● **AIM OF THE EXERCISE**
Repeat the data that follows in full. Do not include the pictures.

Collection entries
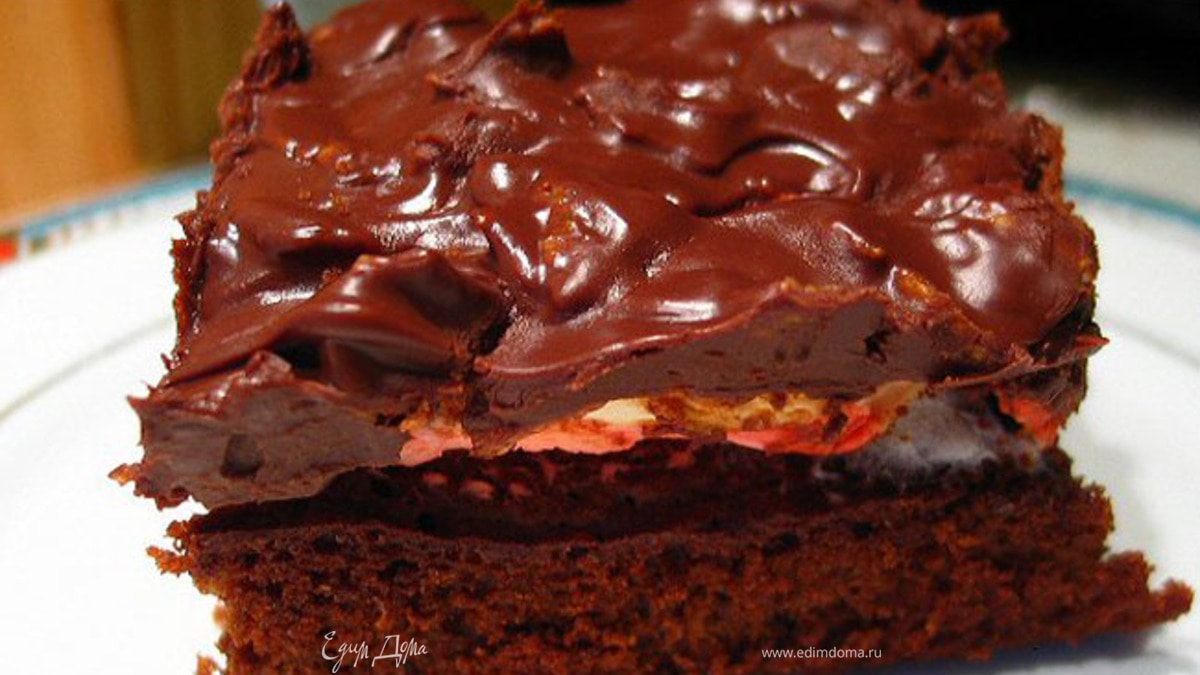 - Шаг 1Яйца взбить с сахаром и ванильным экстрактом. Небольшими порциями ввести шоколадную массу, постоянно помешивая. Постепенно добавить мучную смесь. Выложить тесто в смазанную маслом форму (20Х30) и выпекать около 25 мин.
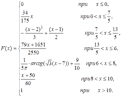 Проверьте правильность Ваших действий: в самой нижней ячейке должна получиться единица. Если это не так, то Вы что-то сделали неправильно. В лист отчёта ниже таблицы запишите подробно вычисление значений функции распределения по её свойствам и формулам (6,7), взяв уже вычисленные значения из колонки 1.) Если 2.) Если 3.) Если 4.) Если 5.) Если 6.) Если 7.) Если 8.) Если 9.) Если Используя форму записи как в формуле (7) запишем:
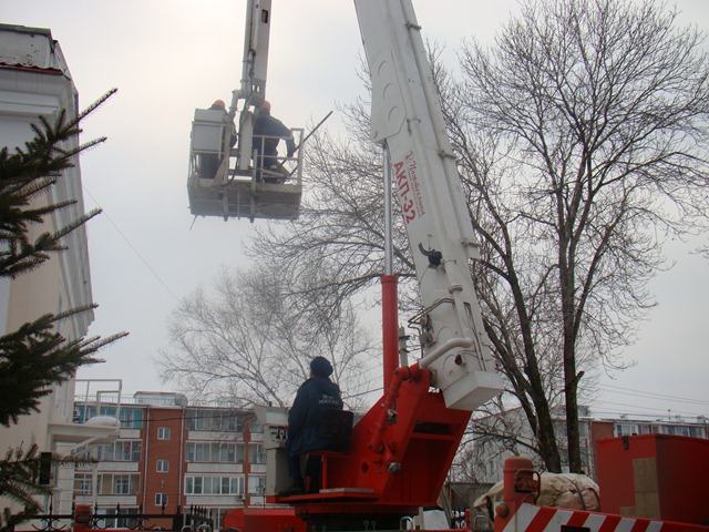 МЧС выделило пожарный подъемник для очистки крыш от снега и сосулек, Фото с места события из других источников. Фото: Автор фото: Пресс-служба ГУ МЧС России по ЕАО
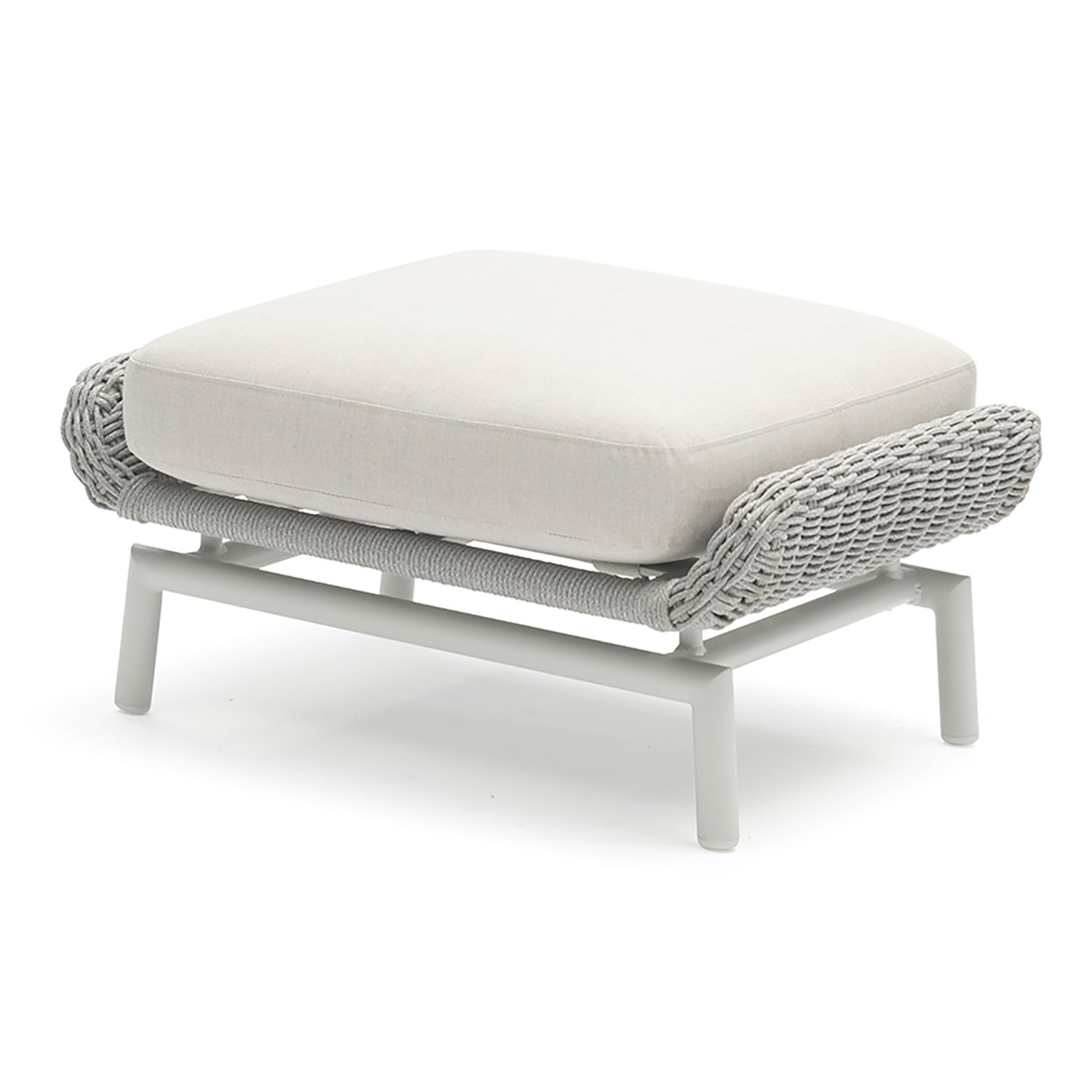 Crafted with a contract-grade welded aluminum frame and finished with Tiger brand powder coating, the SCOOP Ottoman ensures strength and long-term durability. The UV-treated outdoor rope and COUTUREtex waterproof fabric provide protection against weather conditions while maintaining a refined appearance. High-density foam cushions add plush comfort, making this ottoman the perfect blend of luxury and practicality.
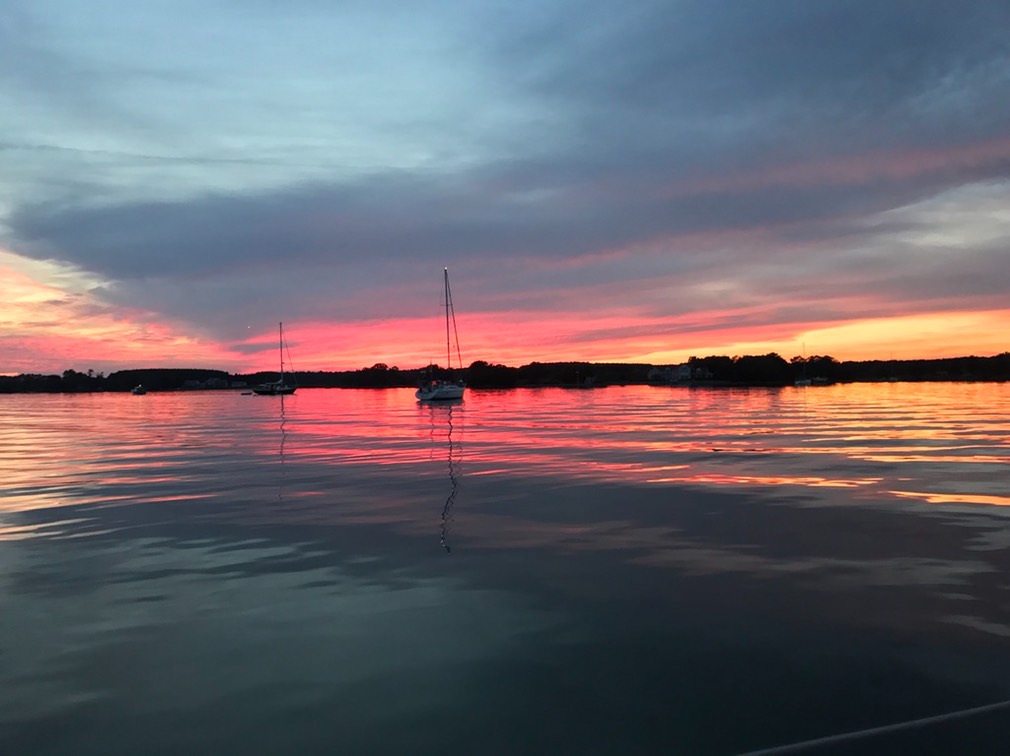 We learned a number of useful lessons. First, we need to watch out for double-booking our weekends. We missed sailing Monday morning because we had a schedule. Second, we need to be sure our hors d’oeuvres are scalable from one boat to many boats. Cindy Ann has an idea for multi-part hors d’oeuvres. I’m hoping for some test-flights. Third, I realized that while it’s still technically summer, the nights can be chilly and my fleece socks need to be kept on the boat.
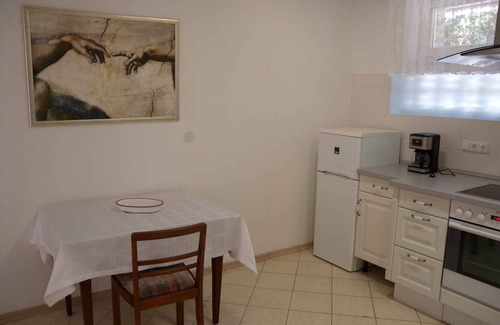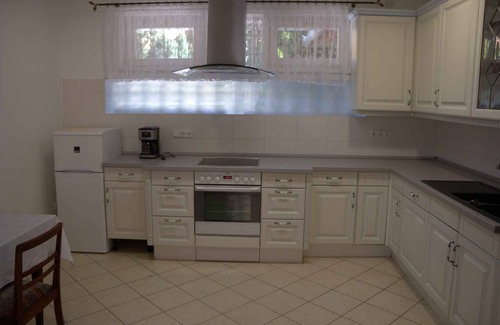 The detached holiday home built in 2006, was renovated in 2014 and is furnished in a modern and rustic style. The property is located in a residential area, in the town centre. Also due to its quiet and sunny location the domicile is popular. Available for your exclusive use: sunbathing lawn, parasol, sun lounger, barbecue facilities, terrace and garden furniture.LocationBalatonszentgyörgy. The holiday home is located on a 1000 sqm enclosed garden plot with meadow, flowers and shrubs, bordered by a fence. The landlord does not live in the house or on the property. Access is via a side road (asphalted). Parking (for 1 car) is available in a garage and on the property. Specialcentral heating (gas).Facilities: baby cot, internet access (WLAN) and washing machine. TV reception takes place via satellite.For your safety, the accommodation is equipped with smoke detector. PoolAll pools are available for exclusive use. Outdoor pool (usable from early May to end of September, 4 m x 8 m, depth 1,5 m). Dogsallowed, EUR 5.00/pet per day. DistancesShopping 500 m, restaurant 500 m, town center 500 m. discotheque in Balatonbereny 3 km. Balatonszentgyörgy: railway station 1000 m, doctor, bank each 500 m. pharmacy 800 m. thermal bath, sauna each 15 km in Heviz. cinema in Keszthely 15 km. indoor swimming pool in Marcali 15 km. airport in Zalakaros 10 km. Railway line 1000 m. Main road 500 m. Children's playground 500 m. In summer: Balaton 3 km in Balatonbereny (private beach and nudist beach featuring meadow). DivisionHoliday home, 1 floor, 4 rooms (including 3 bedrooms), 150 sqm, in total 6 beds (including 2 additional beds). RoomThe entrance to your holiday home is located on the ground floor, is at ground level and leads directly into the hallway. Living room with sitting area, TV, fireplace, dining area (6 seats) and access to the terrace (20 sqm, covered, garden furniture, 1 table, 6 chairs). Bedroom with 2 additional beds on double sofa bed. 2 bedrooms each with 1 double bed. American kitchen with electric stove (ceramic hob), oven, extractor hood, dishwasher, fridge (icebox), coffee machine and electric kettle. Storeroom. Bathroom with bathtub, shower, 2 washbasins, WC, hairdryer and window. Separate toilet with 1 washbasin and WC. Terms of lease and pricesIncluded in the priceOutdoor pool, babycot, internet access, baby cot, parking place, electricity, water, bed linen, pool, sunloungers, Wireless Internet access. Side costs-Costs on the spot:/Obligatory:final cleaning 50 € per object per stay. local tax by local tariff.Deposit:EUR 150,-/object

● **OUTPUT FOR THIS EXERCISE**
 - Шаг 1Яйца взбить с сахаром и ванильным экстрактом. Небольшими порциями ввести шоколадную массу, постоянно помешивая. Постепенно добавить мучную смесь. Выложить тесто в смазанную маслом форму (20Х30) и выпекать около 25 мин.
 Проверьте правильность Ваших действий: в самой нижней ячейке должна получиться единица. Если это не так, то Вы что-то сделали неправильно. В лист отчёта ниже таблицы запишите подробно вычисление значений функции распределения по её свойствам и формулам (6,7), взяв уже вычисленные значения из колонки 1.) Если 2.) Если 3.) Если 4.) Если 5.) Если 6.) Если 7.) Если 8.) Если 9.) Если Используя форму записи как в формуле (7) запишем:
 МЧС выделило пожарный подъемник для очистки крыш от снега и сосулек, Фото с места события из других источников. Фото: Автор фото: Пресс-служба ГУ МЧС России по ЕАО
 Crafted with a contract-grade welded aluminum frame and finished with Tiger brand powder coating, the SCOOP Ottoman ensures strength and long-term durability. The UV-treated outdoor rope and COUTUREtex waterproof fabric provide protection against weather conditions while maintaining a refined appearance. High-density foam cushions add plush comfort, making this ottoman the perfect blend of luxury and practicality.
 We learned a number of useful lessons. First, we need to watch out for double-booking our weekends. We missed sailing Monday morning because we had a schedule. Second, we need to be sure our hors d’oeuvres are scalable from one boat to many boats. Cindy Ann has an idea for multi-part hors d’oeuvres. I’m hoping for some test-flights. Third, I realized that while it’s still technically summer, the nights can be chilly and my fleece socks need to be kept on the boat.
 The detached holiday home built in 2006, was renovated in 2014 and is furnished in a modern and rustic style. The property is located in a residential area, in the town centre. Also due to its quiet and sunny location the domicile is popular. Available for your exclusive use: sunbathing lawn, parasol, sun lounger, barbecue facilities, terrace and garden furniture.LocationBalatonszentgyörgy. The holiday home is located on a 1000 sqm enclosed garden plot with meadow, flowers and shrubs, bordered by a fence. The landlord does not live in the house or on the property. Access is via a side road (asphalted). Parking (for 1 car) is available in a garage and on the property. Specialcentral heating (gas).Facilities: baby cot, internet access (WLAN) and washing machine. TV reception takes place via satellite.For your safety, the accommodation is equipped with smoke detector. PoolAll pools are available for exclusive use. Outdoor pool (usable from early May to end of September, 4 m x 8 m, depth 1,5 m). Dogsallowed, EUR 5.00/pet per day. DistancesShopping 500 m, restaurant 500 m, town center 500 m. discotheque in Balatonbereny 3 km. Balatonszentgyörgy: railway station 1000 m, doctor, bank each 500 m. pharmacy 800 m. thermal bath, sauna each 15 km in Heviz. cinema in Keszthely 15 km. indoor swimming pool in Marcali 15 km. airport in Zalakaros 10 km. Railway line 1000 m. Main road 500 m. Children's playground 500 m. In summer: Balaton 3 km in Balatonbereny (private beach and nudist beach featuring meadow). DivisionHoliday home, 1 floor, 4 rooms (including 3 bedrooms), 150 sqm, in total 6 beds (including 2 additional beds). RoomThe entrance to your holiday home is located on the ground floor, is at ground level and leads directly into the hallway. Living room with sitting area, TV, fireplace, dining area (6 seats) and access to the terrace (20 sqm, covered, garden furniture, 1 table, 6 chairs). Bedroom with 2 additional beds on double sofa bed. 2 bedrooms each with 1 double bed. American kitchen with electric stove (ceramic hob), oven, extractor hood, dishwasher, fridge (icebox), coffee machine and electric kettle. Storeroom. Bathroom with bathtub, shower, 2 washbasins, WC, hairdryer and window. Separate toilet with 1 washbasin and WC. Terms of lease and pricesIncluded in the priceOutdoor pool, babycot, internet access, baby cot, parking place, electricity, water, bed linen, pool, sunloungers, Wireless Internet access. Side costs-Costs on the spot:/Obligatory:final cleaning 50 € per object per stay. local tax by local tariff.Deposit:EUR 150,-/object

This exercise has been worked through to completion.